Tuesday I'll be moderating a
panel at
OMMA Global titled "Play Me A Story: Can Games Help Content Producers Tell Stories?" I've been thinking over the topic a bit during this week leading up to the conference.
I'm also not the only one pondering this question. In addition to my panelists, a number of people have been thinking about the nature of storytelling as it pertains to video versus games.
George Miller, the director of the movie "Mad Max,"
recently suggested
games might be a better medium for telling a story than film. Movie critic Roger Ebert has claimed
are not art . Rather than arguing any particular point, I'm in more of a
"questions" mood (that's the role of the moderator, after all).
I guess the initial question is, what's the difference? Where is the line drawn between film and a
video game? For anyone who played the "Metal Gear Solid" games, some cut scenes bordered on the length of a feature film. Are animated clips generated from a video game (i.e.
machinima), somehow inherently different from an animated feature that was rendered by computers at Pixar? Is the difference one of interaction, and how that relates to the role of the
auteur? So when DVDs or Blu-Ray offer "multiple angle selection," is that no longer film, but a game? And what about the pivotal scene in "BioShock," where a player is
forced to behave contrary to one's will. When there is no illusion of choice at all, doesn't that make the presence of the "auteur" more powerful? Video game design hinges on
controlling the experience while providing interaction.
Which leads to the next question: Where are things going? Why is a movie length somewhere between an hour and a half to
two-and-a-half hours? Well, if it were less than an hour and a half, it'd hardly be worth $10, and if it were three hours, in addition to starring Kevin Costner, no one would want to sit
through it in one go. But what happens if people stop going to movie theaters? Why keep the same time constraints? While the video industry (film/tv/online video) laments an ADHD
audience, video games capture that same audience for sittings of two hours at a time, in some cases several times a week. Does online video need to run for less than five minutes to be
watched? Or maybe it needs to break the frameworks of celluloid to offer some interaction and participation?

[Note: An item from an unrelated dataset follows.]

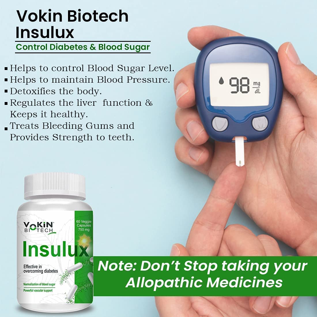 Vokin Biotech Herbal Insulux Gymnema Sylvestre for Diabetes Control 750mg 60 Capsules Helps in Boosting Endocrine System Blood Sugar for Men & Women will help you maintain healthy blood sugar levels and improve your overall health and well-being. CardioVax is a health supplement which is popular for helping people to fight against heart failure stroke and high blood pressure. CardioVax Tablets acts very quickly and help to normalize blood pressure and irregular heartbeat It helps to fight from existing problems and also prevents any future mishapOur vegetarian-friendly tablets are packed with 750mg of Gymnema Sylvestre a powerful Ayurvedic herb known for its ability to support pancreatic cells reduce intestinal glucose absorption and may help in enhance vitality and energy. Additionally Gymnema Sylvestre may help support normal lipid metabolism and control diabetes. Daily Exercise including more fruits and vegetables in your diet can further help to regulate your blood sugar levels and reduce the risk of diabetes-related complications. Make sure to talk to your doctor before starting any new supplement routine.

What can traditional content learn from video games? As media
converges and frameworks dissolve, this will become an increasingly important issue. The intense growth of the game industry over the past few years indicates it is doing something right.
If you're at OMMA on Tuesday, I encourage you to stop by for the panel, and certainly say hello afterwards. And if you can't make it, feel free to ask a question in the comments --
I'll try to include your thoughts for the panel.